_Exercise_: Without pictures, retype the following entries exactly.

(Beginning of Data for review)

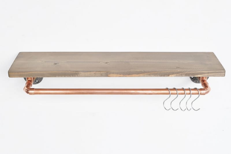 Seinähylly Ranae 60 cm on valmistettu laadukkaasta puusta, joka takaa kestävyyden ja pitkän käyttöiän. Hyllyssä on kaunis pähkinän värinen ulkonäkö, joka sopii täydellisesti erilaisiin sisustustyyleihin. Lisäksi hyllyn metalliset yksityiskohdat kuparin värissä tuovat siihen ripauksen eleganssia.
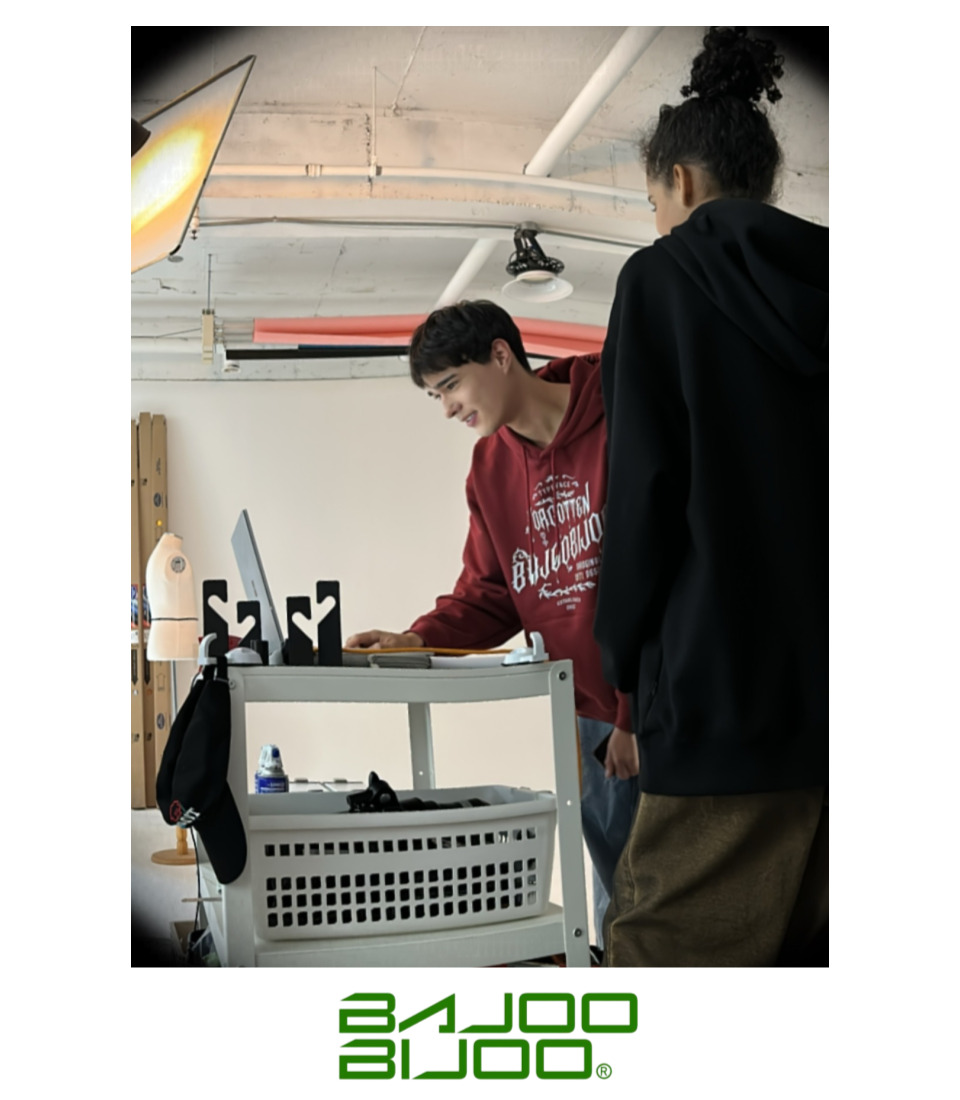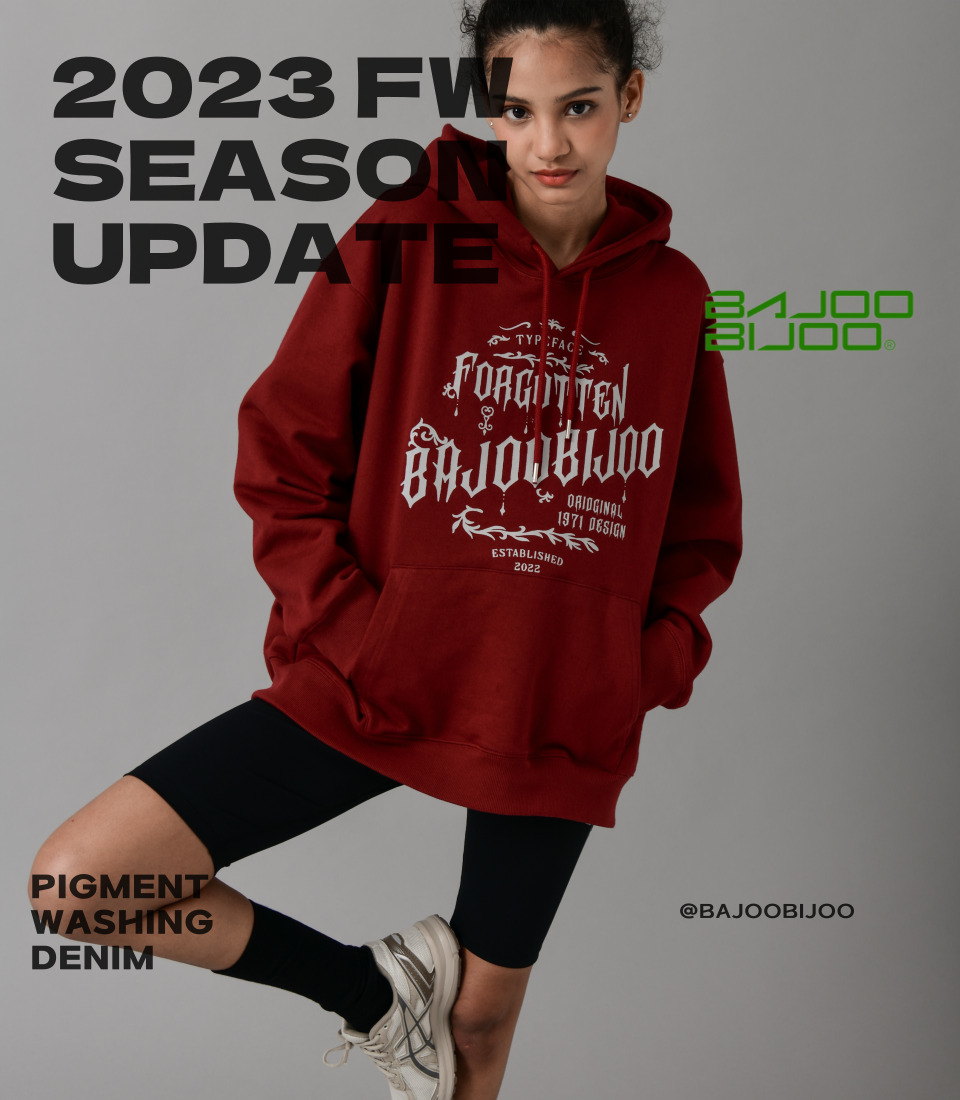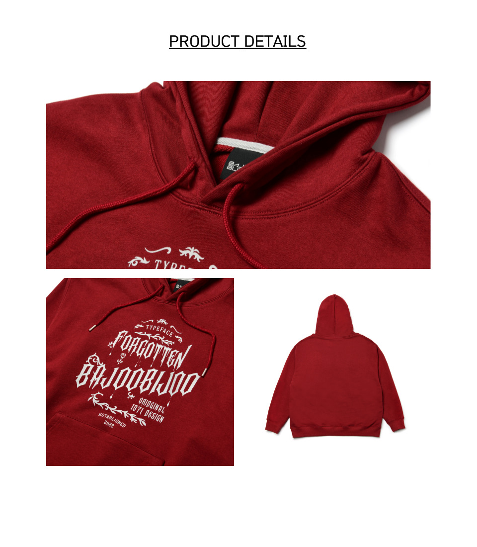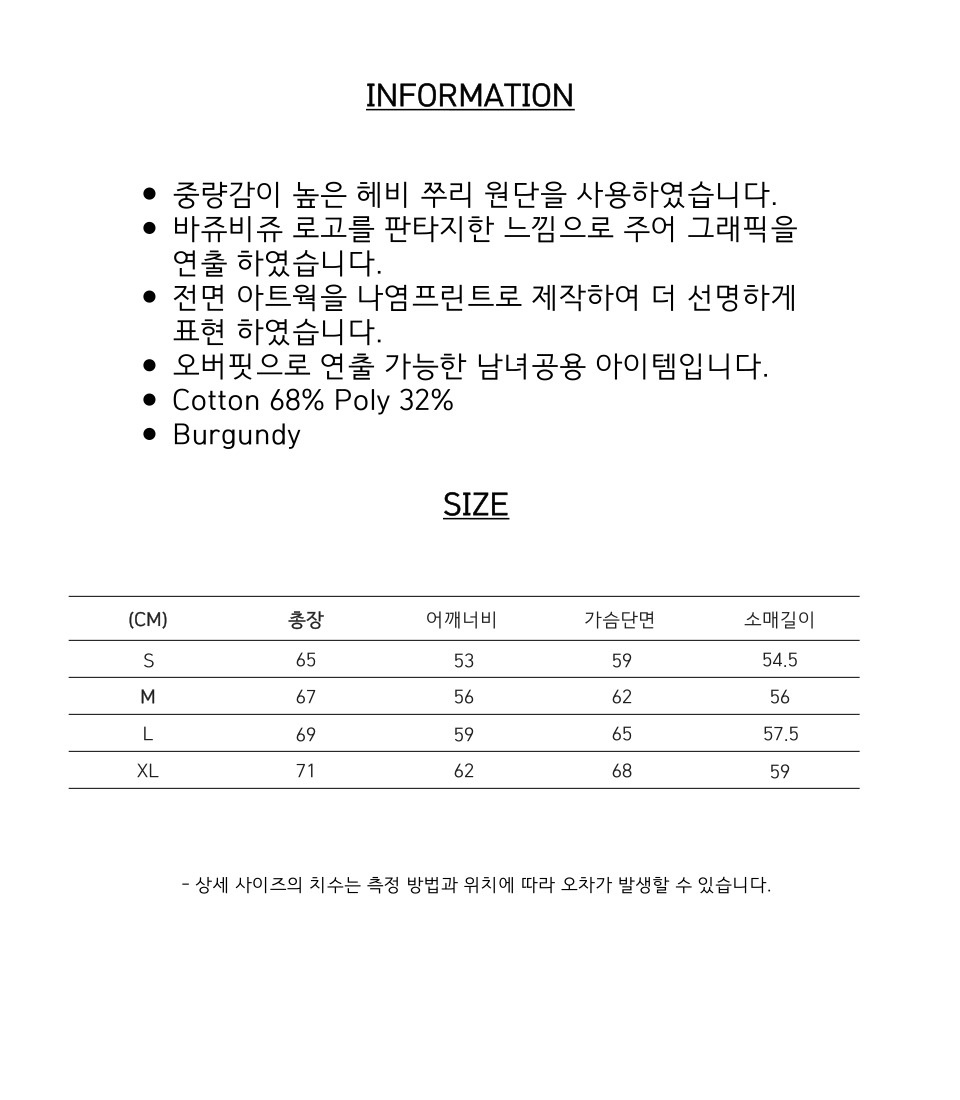 오버핏 후드 배색 엠보자수 후드
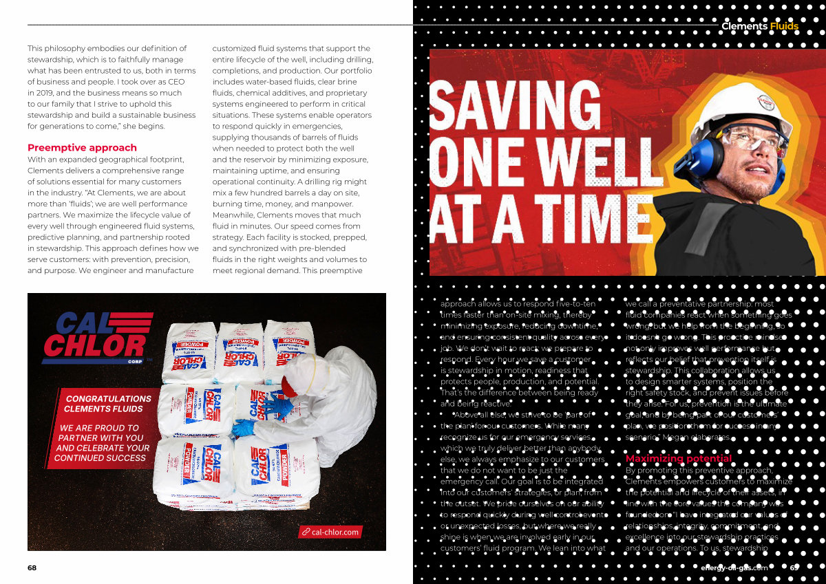 With an expanded geographical footprint, Clements delivers a comprehensive range of solutions essential for many customers in the industry.“ At Clements, we are about more than‘ fluids’; we are well performance partners. We maximize the lifecycle value of every well through engineered fluid systems, predictive planning, and partnership rooted in stewardship. This approach defines how we serve customers: with prevention, precision, and purpose. We engineer and manufacture customized fluid systems that support the entire lifecycle of the well, including drilling, completions, and production. Our portfolio includes water-based fluids, clear brine fluids, chemical additives, and proprietary systems engineered to perform in critical situations. These systems enable operators to respond quickly in emergencies, supplying thousands of barrels of fluids when needed to protect both the well and the reservoir by minimizing exposure, maintaining uptime, and ensuring operational continuity. A drilling rig might mix a few hundred barrels a day on site, burning time, money, and manpower. Meanwhile, Clements moves that much fluid in minutes. Our speed comes from strategy. Each facility is stocked, prepped, and synchronized with pre-blended fluids in the right weights and volumes to meet regional demand. This preemptive
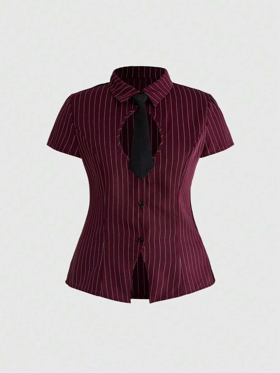 Grunge Punk Camisa de manga corta para mujer con cintura ceñida, cuello falso recortado, estilo sexy y estampado de rayas, en talla grande con estilo Y2K y punk
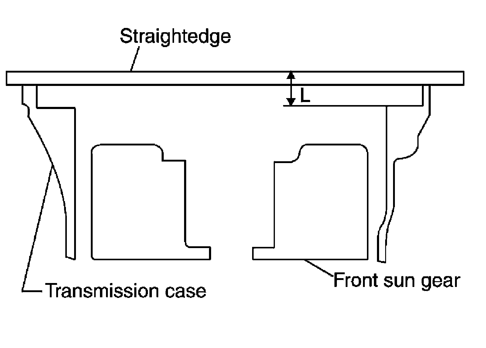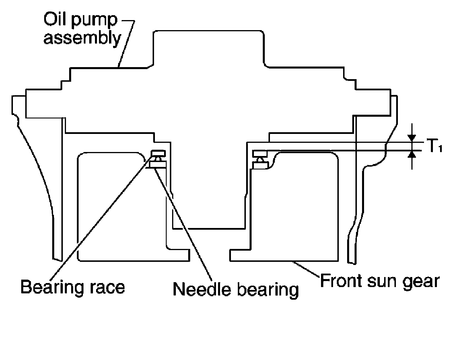 ^ Measure clearance between front sun gear and bearing race for oil pump cover.
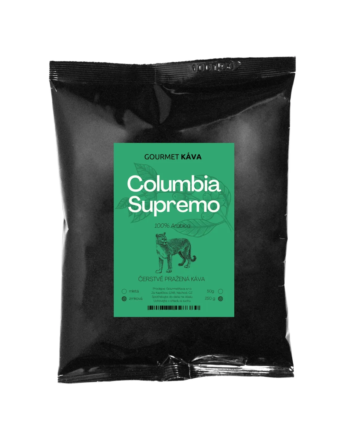 Chuť: Colombia Supremo má sladkú, zamatovú chuť s výraznou arómou pripomínajúcou pomaranče alebo bergamot. Telo je krásne plné a silné s jemnou rozpoznateľnou kyslosťou v kombinácii s čokoládovými a ovocnými podtónmi. Ide o veľmi vyváženú kávu, v ktorej sa chuť, aróma, kyslosť a ďalšie vlastnosti navzájom nádherne dopĺňajú a tvoria dokonalý celok.
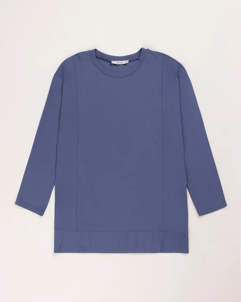 Büyük Beden Yuvarlak Yaka Basic Tunik, uzun kollu tasarımı ile sade ve rahat bir tarz sunar.Bu tunik, konforlu kesimi ile gün boyu rahatlık sağlar.
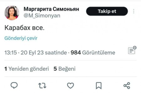 AFN.az xəbər verir ki, bunu erməni əsilli Rusiya jurnalisti və televiziya aparıcısı, Rusiyanın RT kanalının baş redaktoru Marqarita Simonyan "X" sosial platformasında etdiyi paylaşımda bildirib.
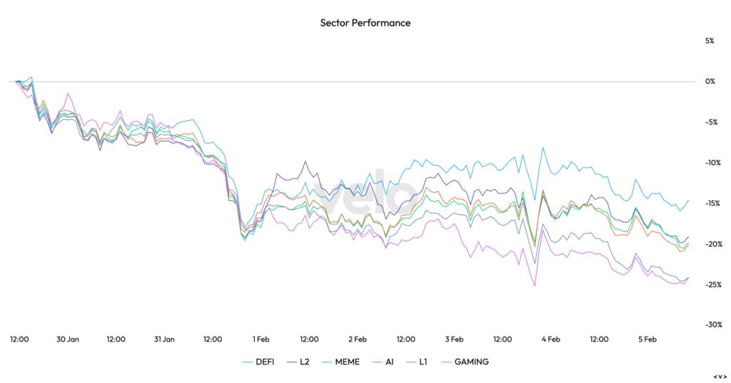 It was a highly volatile week, with crypto markets deep in the red and more than $600B wiped from total market cap. Bitcoin fell to around $70K, down roughly 16% week over week, while ETH dropped to $2K. The main outlier was Hyperliquid ($HYPE), trading near $34 and standing out as one of the few pockets of relative strength. Precious metals were also hit by volatility, with gold slipping below $5,000/oz and silver collapsing over 30%, falling from $115/oz to $80/oz.
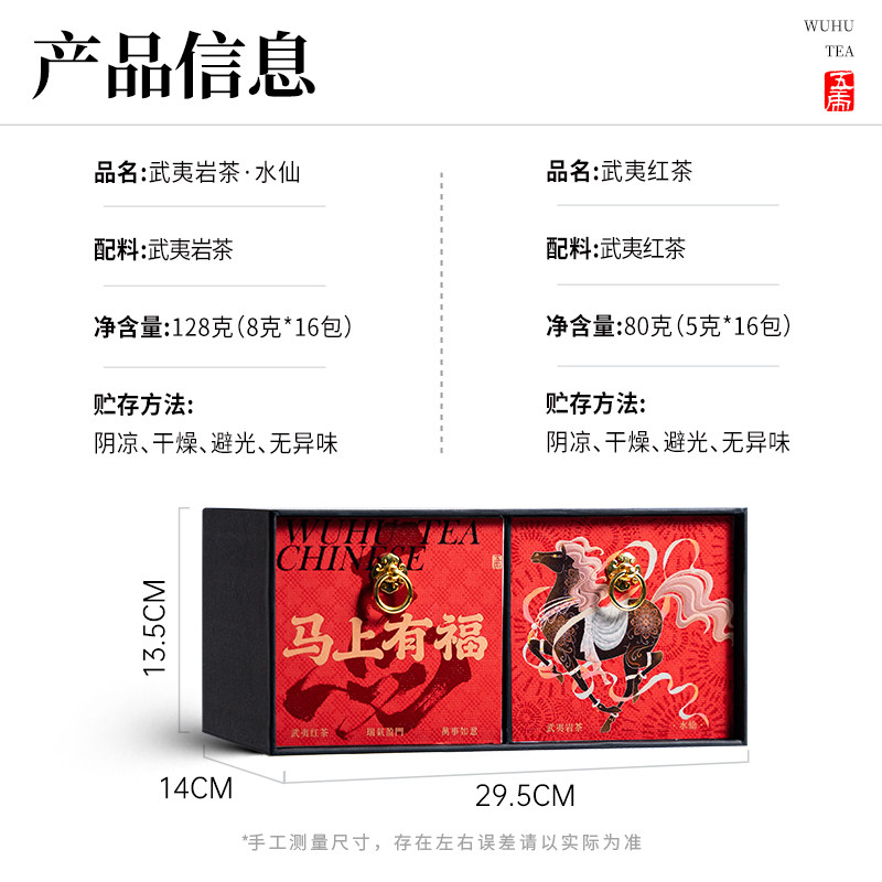 【春季茶礼】茶叶 武夷红茶 武夷水仙 乌龙茶 茶叶礼盒 马上有福 茶饮 五虎 208g
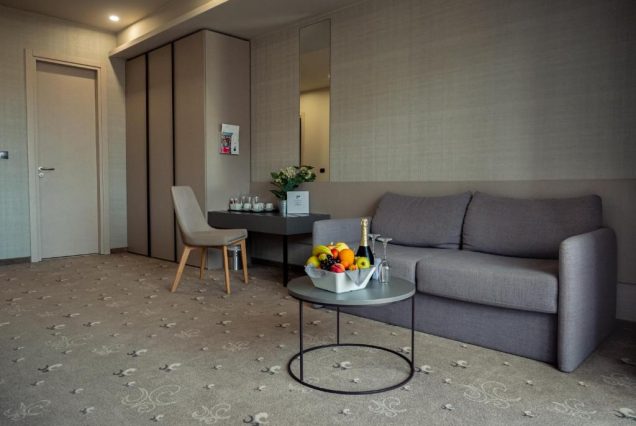 Оснащение: Smart TV, Bluetooth-колонка, кофемашина, мини-бар, сейф, гладильные принадлежности
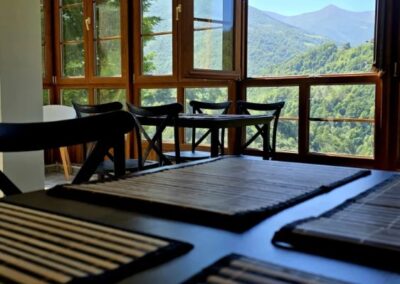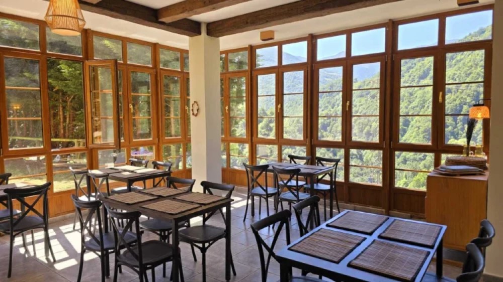 El hotel dispone de restaurante propio, donde se sirve cocina casera elaborada con productos de proximidad. Cuentan con ganadería criada en libertad en los montes del valle, y ofrecen especialidades como el cabrito bermeyo y el buey casín certificado. Las verduras frescas provienen en su mayoría de su propia huerta, y pueden degustarse en el comedor o en la terraza panorámica, con vistas impresionantes del entorno montañoso. Una experiencia gastronómica auténtica que redondea una estancia inolvidable.
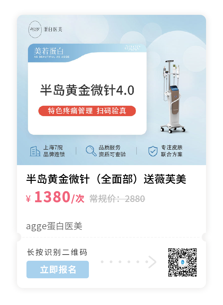 agge蛋白是一家以皮肤美容为主要服务的上海七院轻奢医美连锁品牌,严格甄选国内外众多高新科研成果融入美学护肤流程,从“白、亮、塑、提、美”五个维度出发。
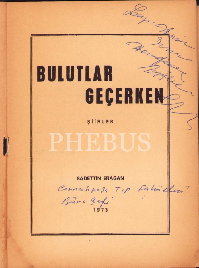 Bulutlar Geçerken -Şiirler-, Sadettin Erağan, 1973, ithaflı, 40 s., 14x19 cm, su görmüş haliyle
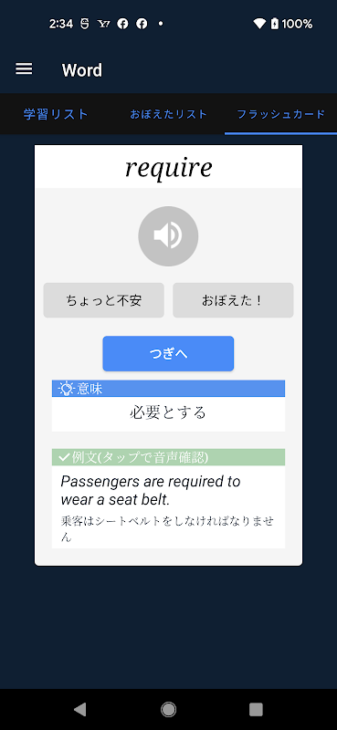 The app will automatically create a flashcard from your study list, so listen to it and see it to learn English words! When you're done, learn again and again with the RESET ALL button at the top of the list you remembered! The [Number of times you remembered everything] in your learning history will increase by one.
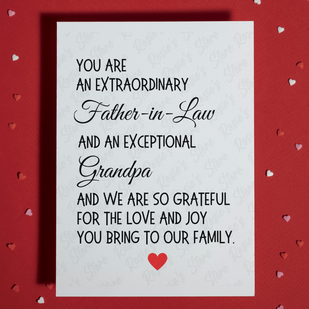 Perfect for various special occasions such as birthdays, Father's Day, Christmas, or even weddings, this card is an ideal gift for your father-in-law and grandpa. It's a sentimental card from a son-in-law or daughter-in-law, expressing deep appreciation and love. Whether you're looking for a meaningful greeting card or thoughtful father-in-law gifts, this card is perfect for showing your gratitude and admiration.
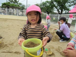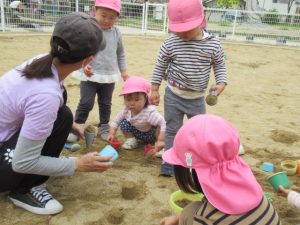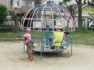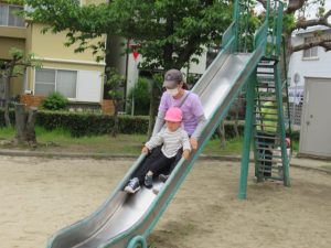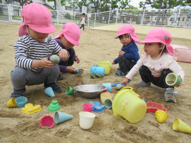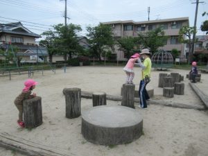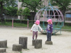 守部公園まで散歩に行ってきました。大きい子はお友達と手をつないで歩き、新しいお友達や小さいお友達は保育士と手をつないだり、ワゴンに乗って行きます。散歩に行く時のルールは「手を離さない」「道路の端を歩く」です。「車が来たよ」「ここは穴が空いてるから気を付けてね」等など、保育士の声を良く聞いて、お友達の手を引いて道路の端に寄ったりしながら歩けましたよ。公園では、タンポポの綿毛をフーっと吹いて飛ばしたり、砂場でアイスクリームの型抜きを使って上手に作れたのが嬉しくて何度も繰り返し作ったり。丸太の遊具に挑戦し、全部出来た時には「どうだ!」と言わんばかりの満面の笑みを見せてくれました😊

(End of Data for review)

_Task response_:
 Seinähylly Ranae 60 cm on valmistettu laadukkaasta puusta, joka takaa kestävyyden ja pitkän käyttöiän. Hyllyssä on kaunis pähkinän värinen ulkonäkö, joka sopii täydellisesti erilaisiin sisustustyyleihin. Lisäksi hyllyn metalliset yksityiskohdat kuparin värissä tuovat siihen ripauksen eleganssia.
 오버핏 후드 배색 엠보자수 후드
 With an expanded geographical footprint, Clements delivers a comprehensive range of solutions essential for many customers in the industry.“ At Clements, we are about more than‘ fluids’; we are well performance partners. We maximize the lifecycle value of every well through engineered fluid systems, predictive planning, and partnership rooted in stewardship. This approach defines how we serve customers: with prevention, precision, and purpose. We engineer and manufacture customized fluid systems that support the entire lifecycle of the well, including drilling, completions, and production. Our portfolio includes water-based fluids, clear brine fluids, chemical additives, and proprietary systems engineered to perform in critical situations. These systems enable operators to respond quickly in emergencies, supplying thousands of barrels of fluids when needed to protect both the well and the reservoir by minimizing exposure, maintaining uptime, and ensuring operational continuity. A drilling rig might mix a few hundred barrels a day on site, burning time, money, and manpower. Meanwhile, Clements moves that much fluid in minutes. Our speed comes from strategy. Each facility is stocked, prepped, and synchronized with pre-blended fluids in the right weights and volumes to meet regional demand. This preemptive
 Grunge Punk Camisa de manga corta para mujer con cintura ceñida, cuello falso recortado, estilo sexy y estampado de rayas, en talla grande con estilo Y2K y punk
 ^ Measure clearance between front sun gear and bearing race for oil pump cover.
 Chuť: Colombia Supremo má sladkú, zamatovú chuť s výraznou arómou pripomínajúcou pomaranče alebo bergamot. Telo je krásne plné a silné s jemnou rozpoznateľnou kyslosťou v kombinácii s čokoládovými a ovocnými podtónmi. Ide o veľmi vyváženú kávu, v ktorej sa chuť, aróma, kyslosť a ďalšie vlastnosti navzájom nádherne dopĺňajú a tvoria dokonalý celok.
 Büyük Beden Yuvarlak Yaka Basic Tunik, uzun kollu tasarımı ile sade ve rahat bir tarz sunar.Bu tunik, konforlu kesimi ile gün boyu rahatlık sağlar.
 AFN.az xəbər verir ki, bunu erməni əsilli Rusiya jurnalisti və televiziya aparıcısı, Rusiyanın RT kanalının baş redaktoru Marqarita Simonyan "X" sosial platformasında etdiyi paylaşımda bildirib.
 It was a highly volatile week, with crypto markets deep in the red and more than $600B wiped from total market cap. Bitcoin fell to around $70K, down roughly 16% week over week, while ETH dropped to $2K. The main outlier was Hyperliquid ($HYPE), trading near $34 and standing out as one of the few pockets of relative strength. Precious metals were also hit by volatility, with gold slipping below $5,000/oz and silver collapsing over 30%, falling from $115/oz to $80/oz.
 【春季茶礼】茶叶 武夷红茶 武夷水仙 乌龙茶 茶叶礼盒 马上有福 茶饮 五虎 208g
 Оснащение: Smart TV, Bluetooth-колонка, кофемашина, мини-бар, сейф, гладильные принадлежности
 El hotel dispone de restaurante propio, donde se sirve cocina casera elaborada con productos de proximidad. Cuentan con ganadería criada en libertad en los montes del valle, y ofrecen especialidades como el cabrito bermeyo y el buey casín certificado. Las verduras frescas provienen en su mayoría de su propia huerta, y pueden degustarse en el comedor o en la terraza panorámica, con vistas impresionantes del entorno montañoso. Una experiencia gastronómica auténtica que redondea una estancia inolvidable.
 agge蛋白是一家以皮肤美容为主要服务的上海七院轻奢医美连锁品牌,严格甄选国内外众多高新科研成果融入美学护肤流程,从“白、亮、塑、提、美”五个维度出发。
 Bulutlar Geçerken -Şiirler-, Sadettin Erağan, 1973, ithaflı, 40 s., 14x19 cm, su görmüş haliyle
 The app will automatically create a flashcard from your study list, so listen to it and see it to learn English words! When you're done, learn again and again with the RESET ALL button at the top of the list you remembered! The [Number of times you remembered everything] in your learning history will increase by one.
 Perfect for various special occasions such as birthdays, Father's Day, Christmas, or even weddings, this card is an ideal gift for your father-in-law and grandpa. It's a sentimental card from a son-in-law or daughter-in-law, expressing deep appreciation and love. Whether you're looking for a meaningful greeting card or thoughtful father-in-law gifts, this card is perfect for showing your gratitude and admiration.
 守部公園まで散歩に行ってきました。大きい子はお友達と手をつないで歩き、新しいお友達や小さいお友達は保育士と手をつないだり、ワゴンに乗って行きます。散歩に行く時のルールは「手を離さない」「道路の端を歩く」です。「車が来たよ」「ここは穴が空いてるから気を付けてね」等など、保育士の声を良く聞いて、お友達の手を引いて道路の端に寄ったりしながら歩けましたよ。公園では、タンポポの綿毛をフーっと吹いて飛ばしたり、砂場でアイスクリームの型抜きを使って上手に作れたのが嬉しくて何度も繰り返し作ったり。丸太の遊具に挑戦し、全部出来た時には「どうだ!」と言わんばかりの満面の笑みを見せてくれました😊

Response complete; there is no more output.